This test, which is sometimes done as part of a urinalysis, involves looking via a microscope at droplets of concentrated pee — urine that has been spun in a machine — to look for signs of infection. If any of the following levels are much higher than typical, you may require further testing:
- The presence of white blood cells (leukocytes) may indicate the presence of an infection. If you have high levels of red blood cells (erythrocytes), it might indicate that you have renal illness. It could also indicate that you have a blood issue or some underlying medical condition such as bladder cancer. Infection is indicated by the presence of bacteria, yeast, or parasites. Casts, which are tube-shaped proteins, can develop as a result of renal disease. In some cases, crystals formed by chemicals in urine may be an indication of kidney stones.

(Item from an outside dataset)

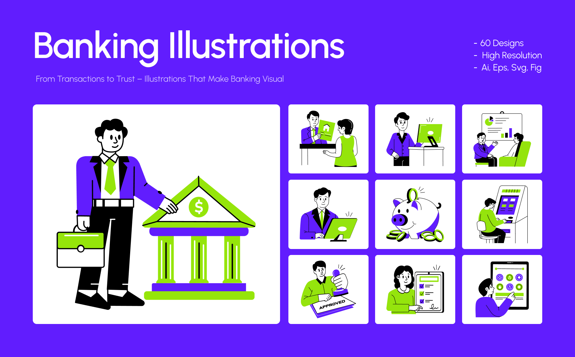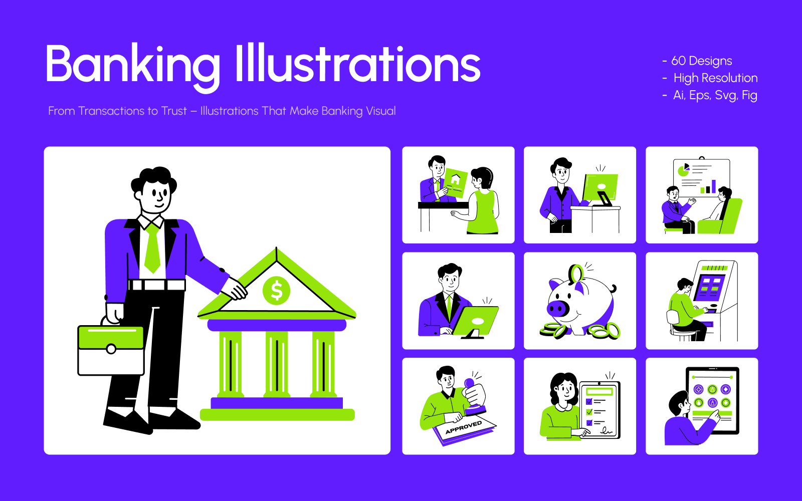 Step into the world of modern finance with this Bank and Banking Illustration Art Set. A versatile, high-quality collection perfect for digital banking apps, fintech platforms, investment dashboards, or anything money-related. Designed in a playful yet professional style, this set makes complex finance visuals friendly and engaging. Whether you're working on a fintech startup, finance blog, mobile app, or client project, this pack adds a modern, illustrative flair with ease.

A urinalysis by alone does not generally yield a definitive diagnosis in most cases. Depending on the reason your physician ordered this test, you may require follow-up if the findings are out of the ordinary. The findings of the urinalysis, in conjunction with the results of other tests, can assist your provider in determining the next steps. You should never assume that you are not sick just because you have normal test results from your urinalysis. It is possible that the sickness is detected too early, or that your urine is overly diluted.
Consult with your health-care practitioner for further information on the significance of your urinalysis findings.
Interpreting Culture Results – Part 1: Urinalysis and Urine Cultures
In clinical practice, interpreting culture data and laboratory testing has long been the bread and butter of the profession. Basic chemistry is pretty straightforward, and current lab result sheets include a convenient reference that displays the upper and lower limits of what is considered ‘normal’ readings as well as the higher and lower limits of what is considered abnormal. The interpretation of culture outcomes, on the other hand, is more difficult.
This series will cover the specifics of urine cultures, blood and bodily fluid cultures, as well as other types of cultures, including those used to treat wounds and treat respiratory infections. Let’s start with a discussion of urine cultures.
Interpreting Urine Cultures
Automated or reflex urine cultures are becoming increasingly widespread in clinical practice, particularly in the hospital or emergency room environment. Most hospital-based laboratories have parameters set up that, if satisfied, would automatically initiate a culture of a urine sample that seems to be contaminated with a bacterial infection. This is really beneficial for us as physicians because it allows us to guarantee that patients with UTI symptoms are treated with the proper medications.
What criteria should we use to assess whether this patient requires antibiotic treatment or not?
Automated or reflex urine cultures are fairly prevalent in clinical practice today, particularly in the hospital or emergency room setting.1 When a urine sample seems to be infectious, most hospital-based laboratories have parameters set up that, if fulfilled, will automatically initiate a culture of the sample. We can use this information to guarantee that patients with symptoms of UTI are treated with the most suitable antibiotics, which is extremely useful for physicians. If the patient does not exhibit any of the symptoms that would indicate UTI, what should be done in this case?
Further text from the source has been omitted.